If you want a fall crop of carrots, now is the time to get them going.  We aren't raising carrots this year, but one of our customers is.  Their raised bed is 6" deep with very hard, rocky soil below the bed.  Six inches of soil isn't deep enough for most varieties of carrots and they will become deformed if they tried to grow into the hard, rocky native soil.  To get more soil depth in the raised bed, we took a page from Mel Bartholomew's square foot gardening book.  We built a 2' x 2' bed out of an untreated 2'x8" board (see picture).  We then placed this small bed on top of the 6" of soil in the existing bed and filled it with an additional 6" of a compost/peat mixture.  This gives 12" of soil depth for the carrots to grow in.

Tips and Tricks:
  • We've had very good success with scattering the seed on the soil surface and then lightly raking the soil surface with our fingers.
  • Keep the seeds moist during germination, but don't flood the area lest you wash all the seeds into one area and get poor seed distribution.
  • Carrot seeds take 2-3 week to germinate, so don't get concerned when they aren't up as quickly as other seeds.
  • After the plants are 2" high, thin the plants until there is 1-2" of space around each plant.

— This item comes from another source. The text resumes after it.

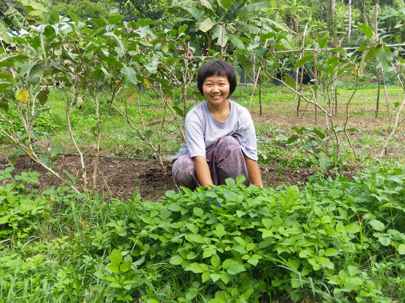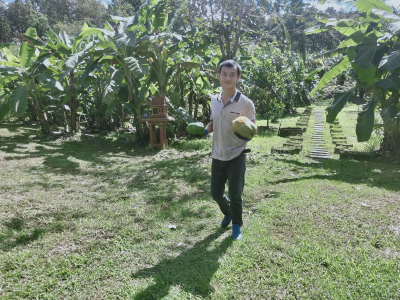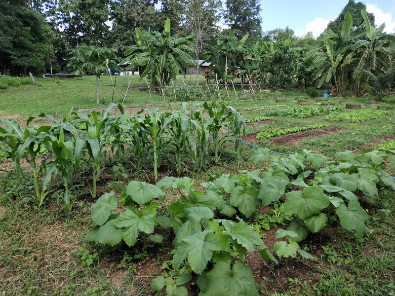 After more than a month of diligent planting, combined with Thailand's naturally favorable climate, our surroundings have become lush and vibrant year-round, making it ideal for growing a variety of vegetables. Leafy greens, such as amaranth, bok choy, water spinach, Shanghai greens, chives, green onions, and cilantro, have grown at an impressive rate and are now ready for us to enjoy. Other vegetables like cucumbers, gourds, bitter melons, long beans, eggplants, pumpkins, tomatoes, okra, chilies, and corn, which have longer growth cycles, will require a bit more patience before they mature.
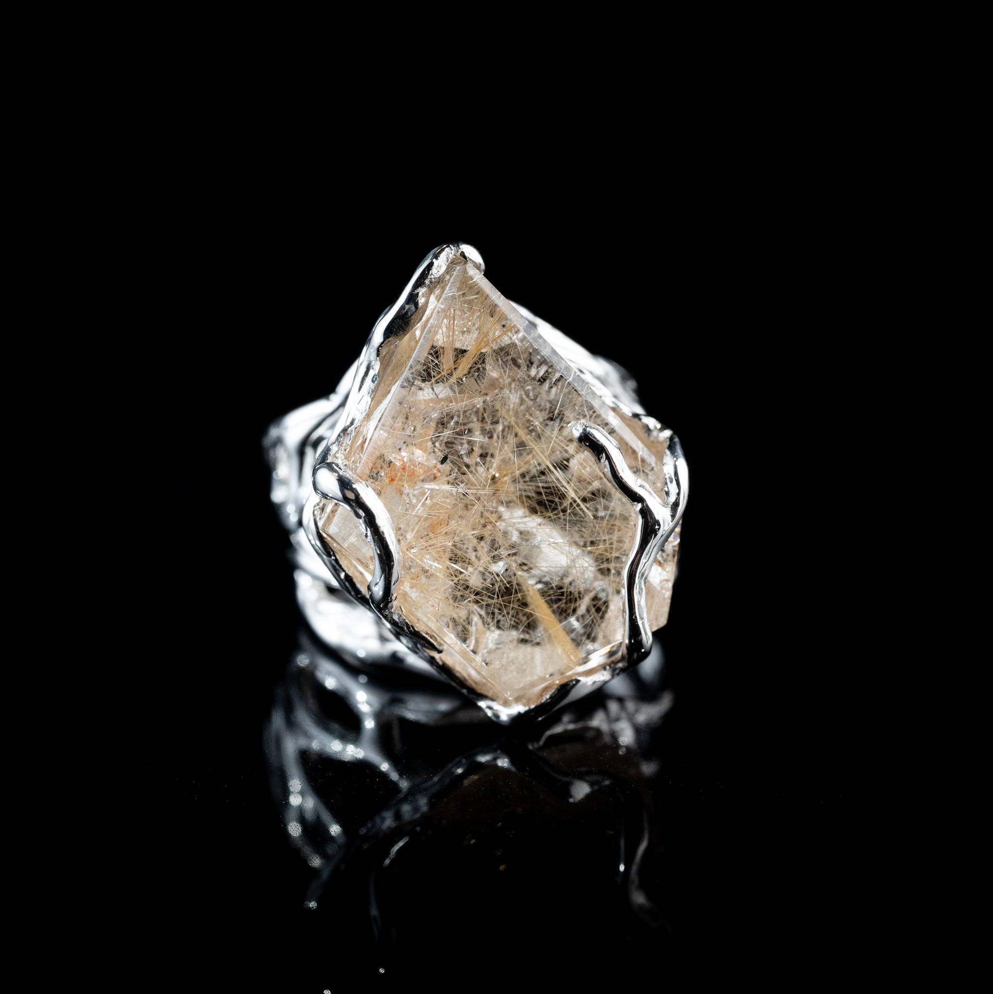 Каблучка з рутилованим кварцом #687000 | rar jewellery

  • Carrots really are fairly pest free, but in previous years we have experienced carrot rust fly maggots eating the roots, armyworms eating the foliage, and a box turtle chowing down on the foliage.  With the carrot rust fly maggots, we just harvested everything right then before they could do more damage.  We handpicked the armyworms off with good effect, but if it had become a major problem we would have also treated with Bacillus thuringiensis.  Since going to a doubly raised bed, box turtles haven't been a problem.

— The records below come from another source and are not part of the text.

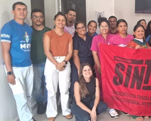 Na manhã da última quinta-feira (15), a direção do Sintsef-CE reuniu-se com empregados e empregadas da Agência Brasileira de Apoio à Gestão do Sistema Único de Saúde (AgSUS), no Polo Base de Saúde Indígena Anacé, localizado no município de Caucaia.
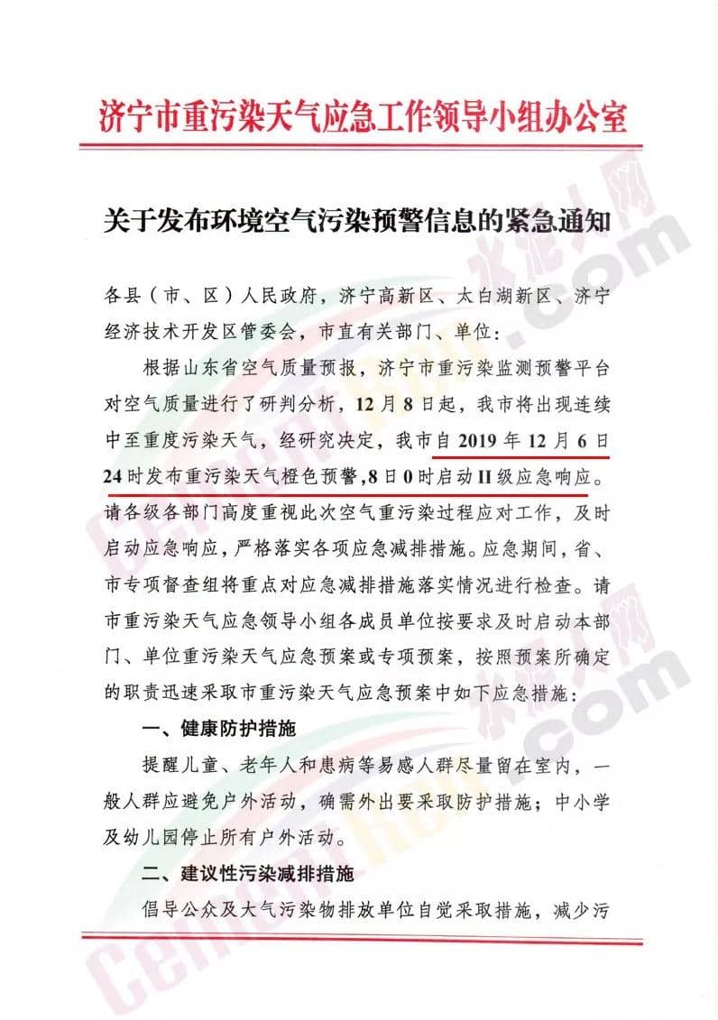其中,濟(jì)寧市《關(guān)于發(fā)布環(huán)境空氣污染預(yù)警信息的緊急通知》稱,自12月6日24時(shí)發(fā)布重污染天氣橙色預(yù)警,8日0時(shí)啟動(dòng)II級(jí)應(yīng)急響應(yīng)。
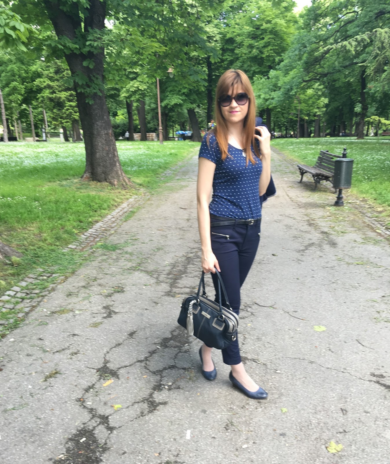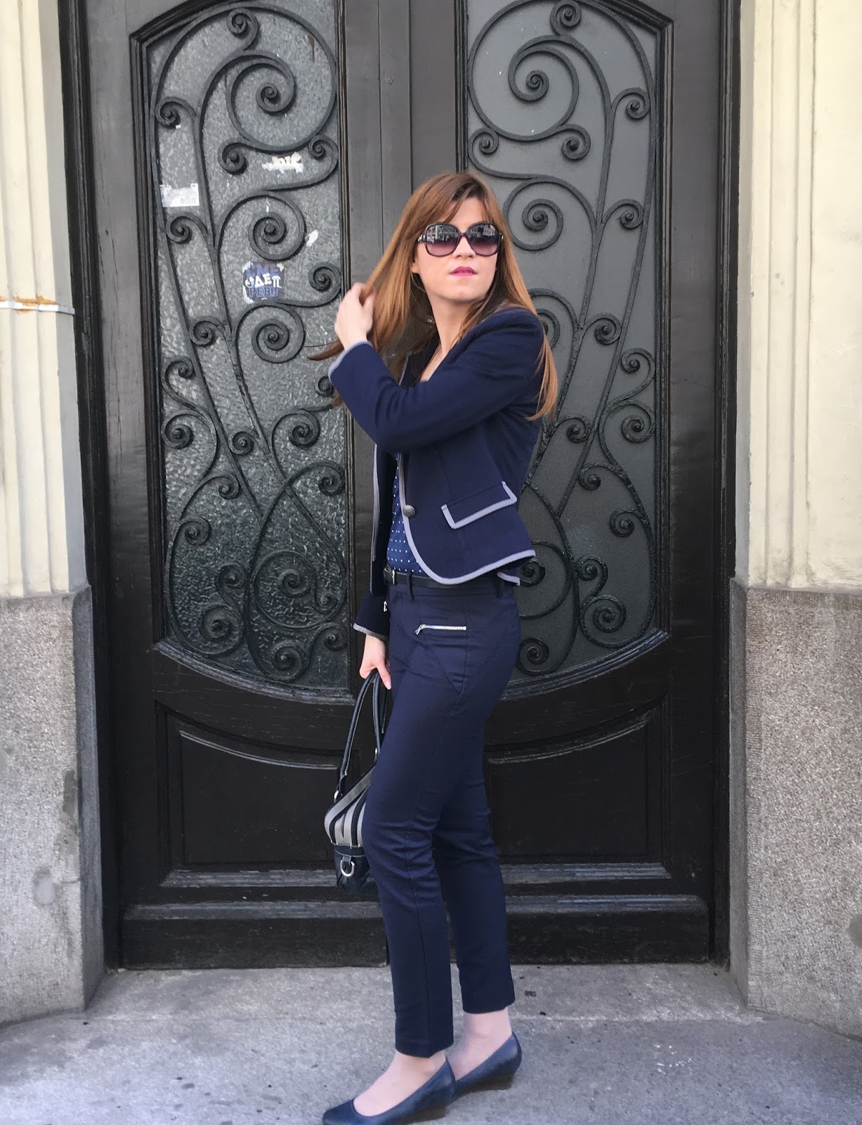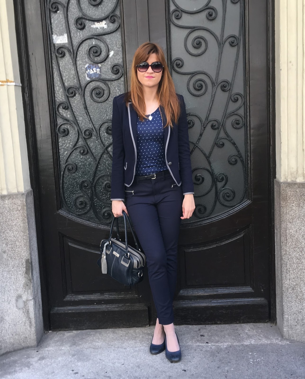 Odlučila sam se za tipičnu poslovnu eleganciju u najpopularnijoj biznis boji, teget. Međutim, outfit nije strogo poslovni jer je blejzer izrađen od pamučnog materijala, a i pantalone dužine 7/8 su sa elastinom, tako da sam se osećala veoma prijatno u ovoj udobnoj, a ujedno i elegantnoj kombinaciji. Začinila sam outfit sa slatkom tufnastom majicom i detaljima poput srebrne ogrlice, velikih naočara sa plavičastim staklima i kožne torbe koja je slučajno u identičnom miksu teger-sive kao i sako, što je po mom mišljenju ispalo savršeno. Pokušala sam da vam prikažem bezvremensku eleganciju za moderne poslovne dame. Nadam se da vam se dopada. Da li volite da nosite biznis komade i kako ih kombinujete?
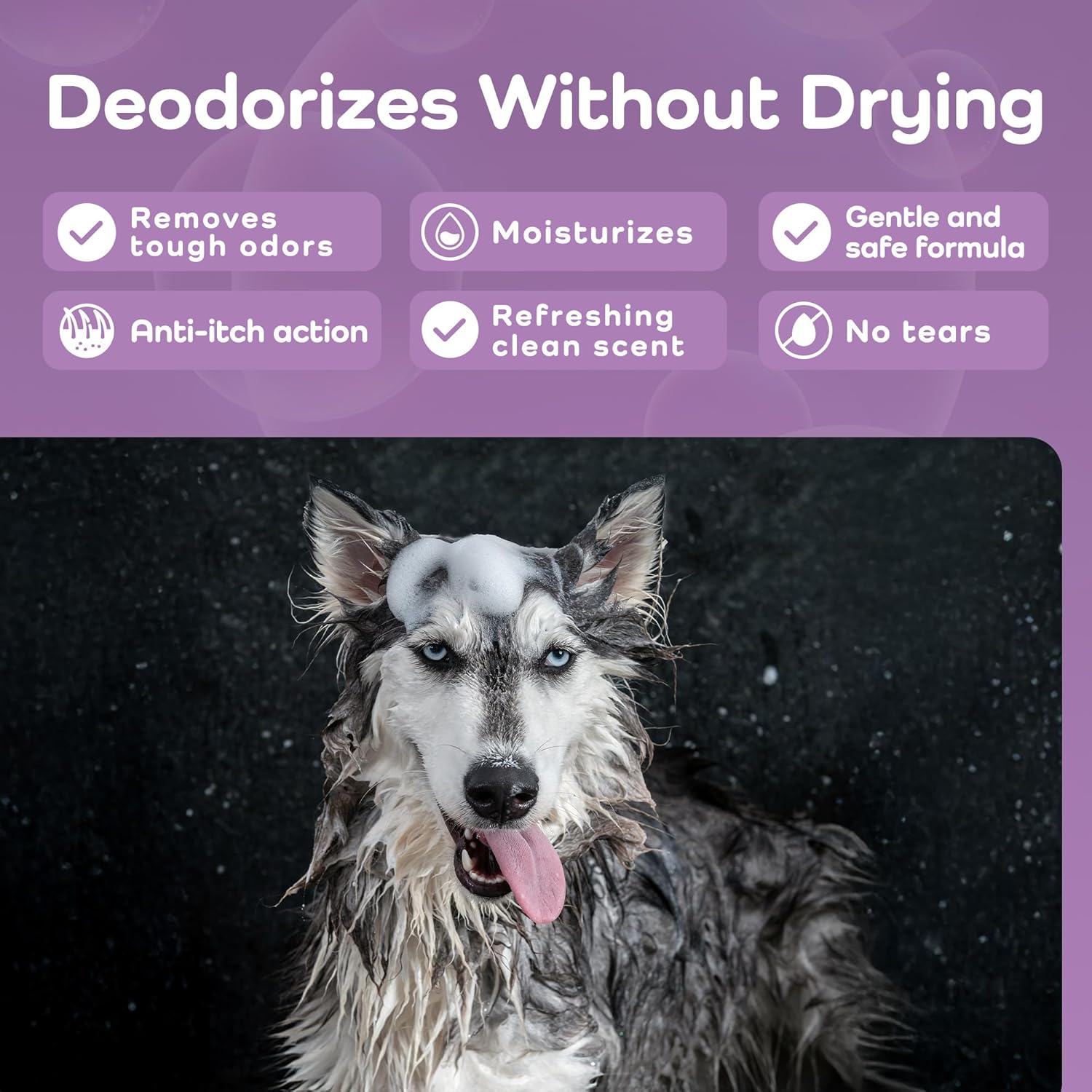 • Enhanced Coat Support – Developed to nourish and reinforce your dog’s coat with aloe vera, argan oil, chamomile, and grape extract, this hydrating dog shampoo supports thick and short fur alike. Regular use leaves coats noticeably softer, shinier, and smelling fresh—perfect for dogs with double coats, such as Siberian Huskies, Labrador Retrievers, Golden Retrivers, German Shepherds, and Pembroke Welsh Corgis.

  • Carrots will taste the sweetest if harvested between the first light frost of the year and the first killing frost of the year (usually early October here).
  • One of the joys of home growing carrots is that they come in more than just the typical orange.  Yellow, red, purple, and white are also available.  Have fun with it!
Putting up the harvest:
  • Pull them up when the soil is dry and leave them in the sun for a couple of days to cure.  Clean the dirt off and cut the greenery back to an inch.  Make holes in ziptop plastic baggies and store the carrots in them in a dark drawer of the refrigerator.  They will keep up to two months this way.

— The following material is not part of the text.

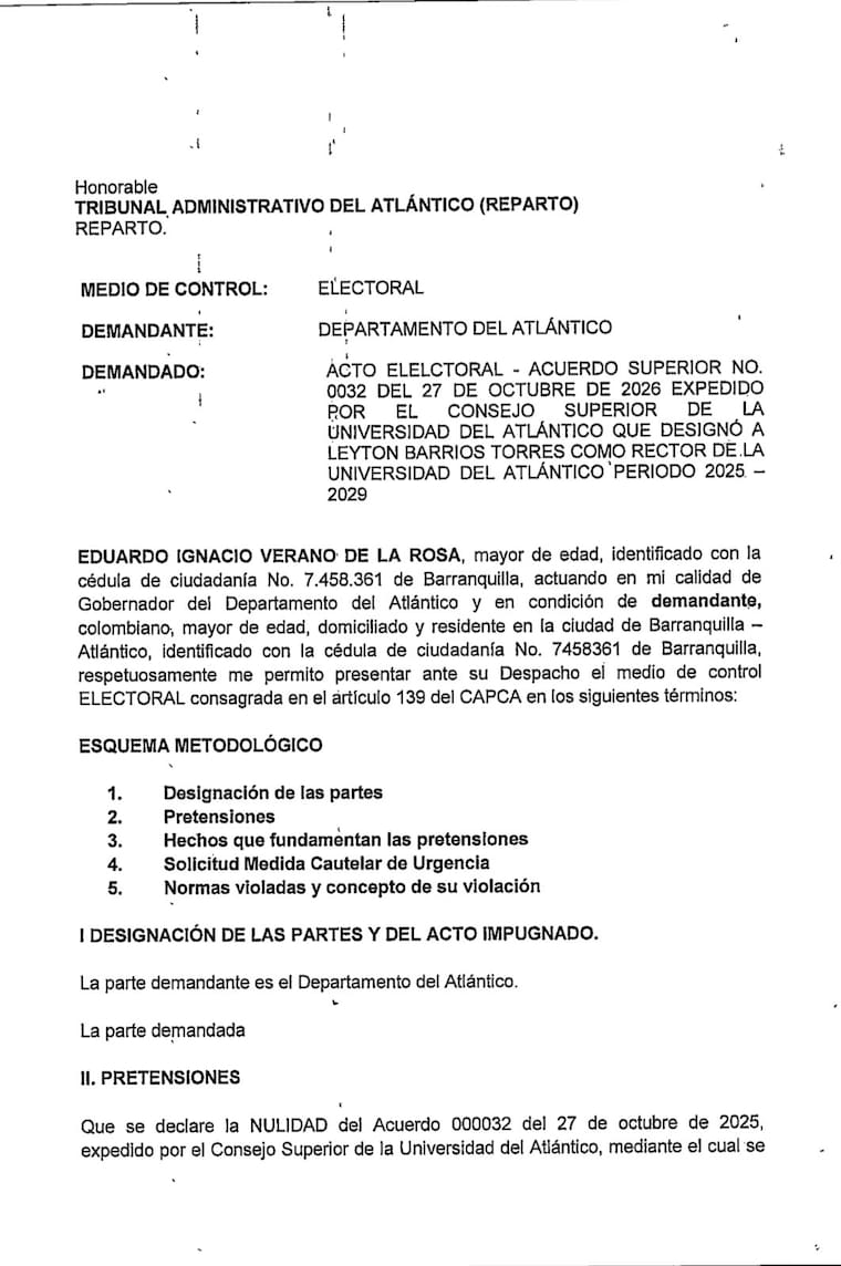 Ante el Tribunal Administrativo del Atlántico, la Gobernación presentó una demanda de control electoral en contra del acuerdo superior expedido para designar a Leyton Barrios Torres como rector de la Universidad del Atlántico para el periodo 2025-2029.

  • A second option is to store them in the ground.  Mulch them heavily with straw before the first hard freeze.  Then as you need them, pull away the straw and harvest through the winter.  This may only work when the carrots are grown in ground.  We haven't tried this with the extra tall raised bed.  It may get cold enough in the winter to freeze the soil in this exposed bed, and if so the carrots will be mush.